#### [Exercise]
Quote exactly and only this range of lines in the data below: the line that holds "Caracteristicas: 1200-denier Technolast" to the line that holds "KYKU Men’s Hawaiian", both included.

#### [The input]
##########

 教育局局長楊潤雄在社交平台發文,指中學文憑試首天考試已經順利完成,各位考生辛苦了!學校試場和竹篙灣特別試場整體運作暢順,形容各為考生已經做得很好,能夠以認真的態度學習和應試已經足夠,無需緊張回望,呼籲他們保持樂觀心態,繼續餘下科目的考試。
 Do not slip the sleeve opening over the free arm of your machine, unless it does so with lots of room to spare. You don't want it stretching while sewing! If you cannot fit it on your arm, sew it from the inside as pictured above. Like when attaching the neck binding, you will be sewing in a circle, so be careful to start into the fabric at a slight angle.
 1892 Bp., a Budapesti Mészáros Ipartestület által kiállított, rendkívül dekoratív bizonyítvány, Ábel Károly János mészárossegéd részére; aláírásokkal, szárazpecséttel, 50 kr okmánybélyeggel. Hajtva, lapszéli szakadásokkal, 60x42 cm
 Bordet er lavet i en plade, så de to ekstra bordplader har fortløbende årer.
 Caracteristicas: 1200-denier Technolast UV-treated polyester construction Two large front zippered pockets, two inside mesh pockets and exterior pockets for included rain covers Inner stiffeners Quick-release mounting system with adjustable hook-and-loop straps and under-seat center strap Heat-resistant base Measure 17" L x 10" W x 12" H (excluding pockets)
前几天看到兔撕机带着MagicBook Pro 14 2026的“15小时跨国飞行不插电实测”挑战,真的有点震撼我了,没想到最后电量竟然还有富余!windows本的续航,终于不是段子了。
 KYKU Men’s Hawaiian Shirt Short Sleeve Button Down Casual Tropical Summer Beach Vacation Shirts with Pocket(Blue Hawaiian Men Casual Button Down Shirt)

##########

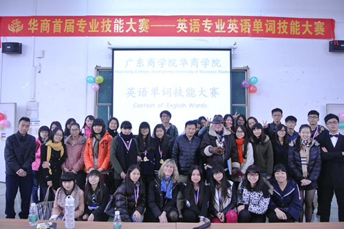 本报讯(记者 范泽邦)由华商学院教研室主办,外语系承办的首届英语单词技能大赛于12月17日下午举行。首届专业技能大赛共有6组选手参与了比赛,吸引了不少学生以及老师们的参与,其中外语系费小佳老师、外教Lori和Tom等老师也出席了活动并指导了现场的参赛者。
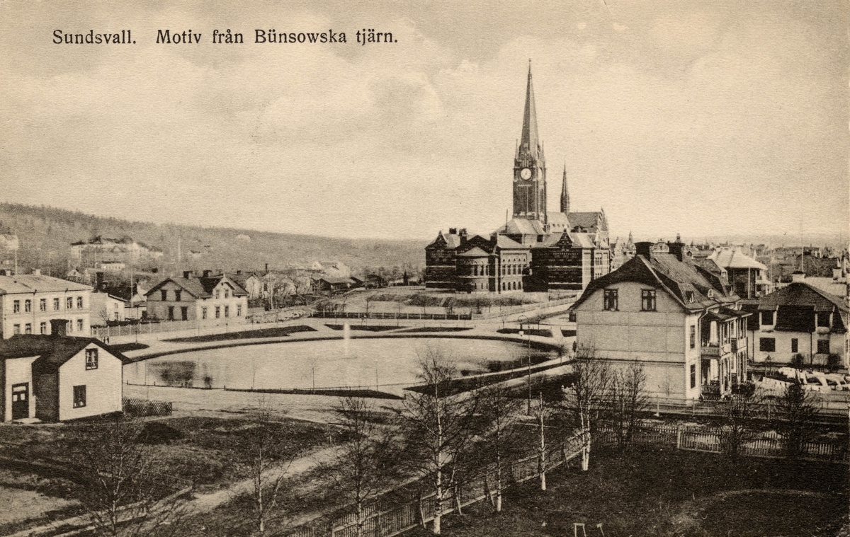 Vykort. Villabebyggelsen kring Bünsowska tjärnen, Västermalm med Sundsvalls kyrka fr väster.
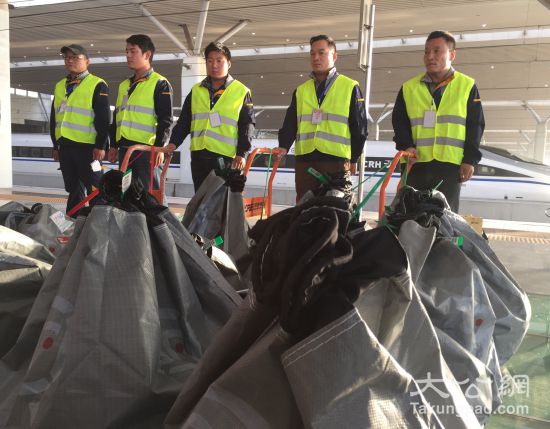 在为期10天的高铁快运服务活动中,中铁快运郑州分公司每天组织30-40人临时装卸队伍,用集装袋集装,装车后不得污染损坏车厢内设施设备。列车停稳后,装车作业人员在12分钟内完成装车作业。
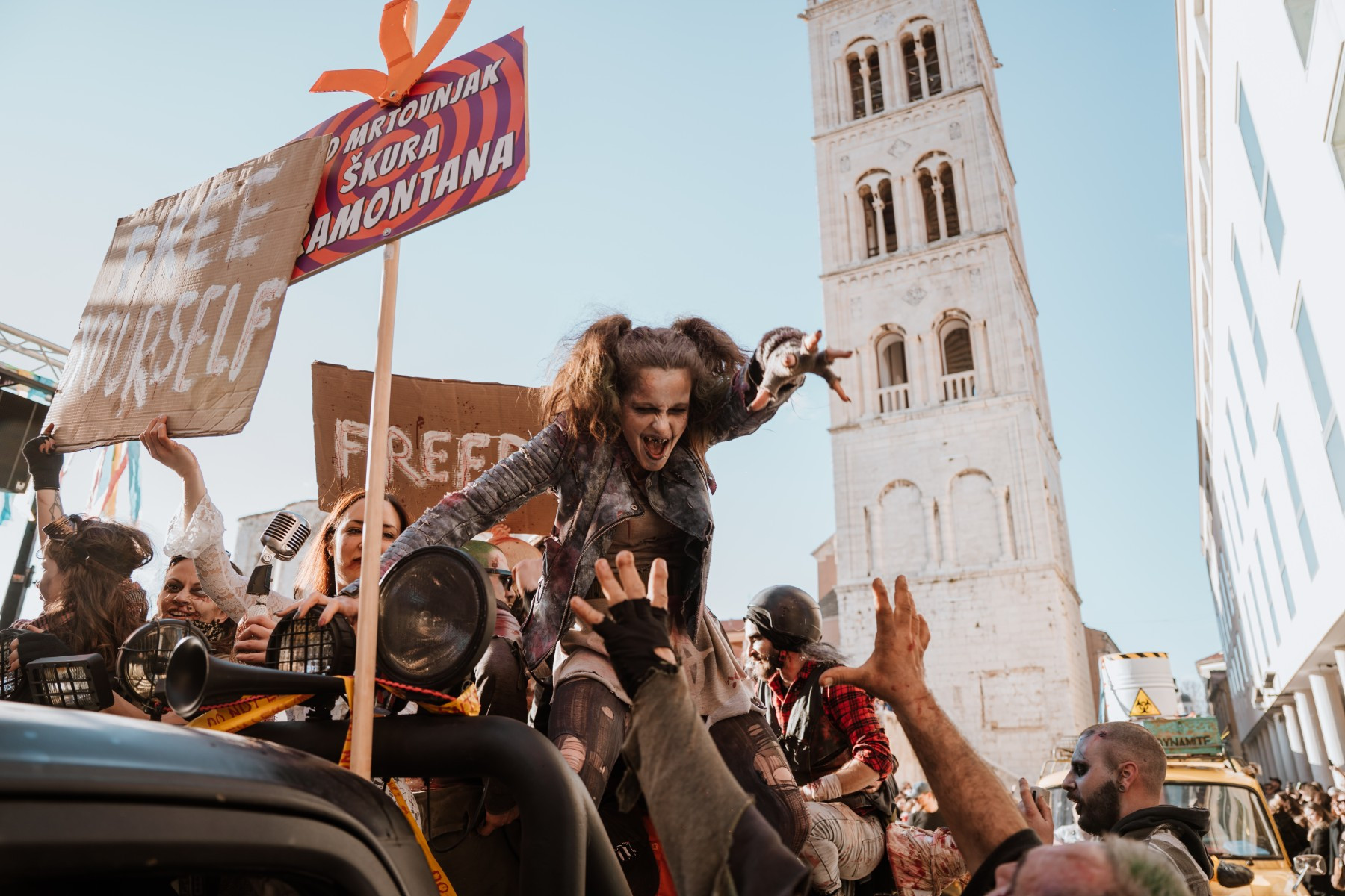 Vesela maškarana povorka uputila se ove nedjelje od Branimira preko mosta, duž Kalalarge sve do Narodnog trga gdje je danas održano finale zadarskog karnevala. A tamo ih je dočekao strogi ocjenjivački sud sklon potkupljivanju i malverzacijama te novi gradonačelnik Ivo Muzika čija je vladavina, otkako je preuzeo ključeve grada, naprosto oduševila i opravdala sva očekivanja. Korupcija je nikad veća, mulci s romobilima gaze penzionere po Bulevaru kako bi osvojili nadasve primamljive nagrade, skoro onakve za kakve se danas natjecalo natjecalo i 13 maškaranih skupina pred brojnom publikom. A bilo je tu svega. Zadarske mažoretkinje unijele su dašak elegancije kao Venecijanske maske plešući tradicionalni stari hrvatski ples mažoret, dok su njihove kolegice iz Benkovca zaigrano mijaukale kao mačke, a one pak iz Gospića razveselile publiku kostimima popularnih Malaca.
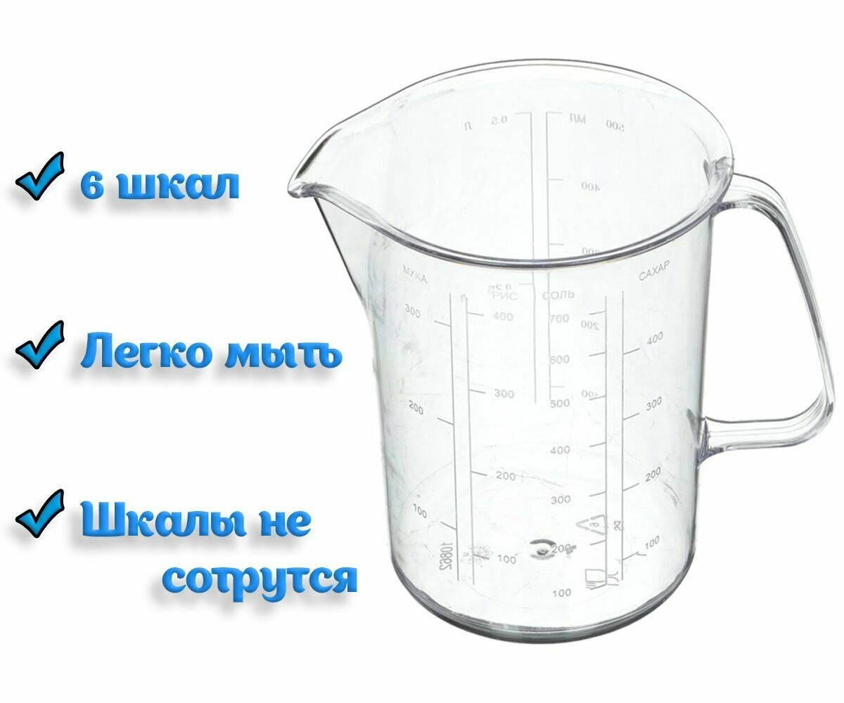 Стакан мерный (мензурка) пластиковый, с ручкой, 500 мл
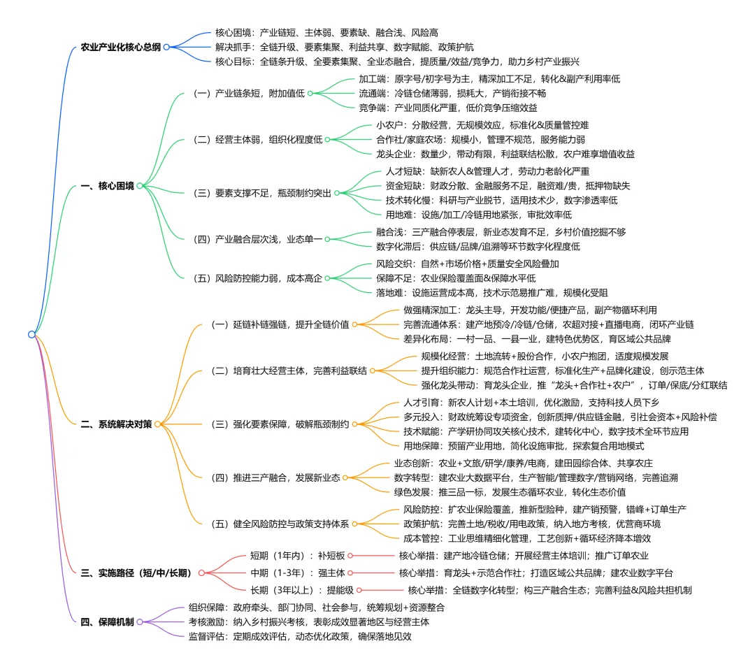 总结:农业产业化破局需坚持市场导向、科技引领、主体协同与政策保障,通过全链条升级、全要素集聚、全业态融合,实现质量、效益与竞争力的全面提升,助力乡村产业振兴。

##########

#### [Exercise response]
 Caracteristicas: 1200-denier Technolast UV-treated polyester construction Two large front zippered pockets, two inside mesh pockets and exterior pockets for included rain covers Inner stiffeners Quick-release mounting system with adjustable hook-and-loop straps and under-seat center strap Heat-resistant base Measure 17" L x 10" W x 12" H (excluding pockets)
前几天看到兔撕机带着MagicBook Pro 14 2026的“15小时跨国飞行不插电实测”挑战,真的有点震撼我了,没想到最后电量竟然还有富余!windows本的续航,终于不是段子了。
 KYKU Men’s Hawaiian Shirt Short Sleeve Button Down Casual Tropical Summer Beach Vacation Shirts with Pocket(Blue Hawaiian Men Casual Button Down Shirt)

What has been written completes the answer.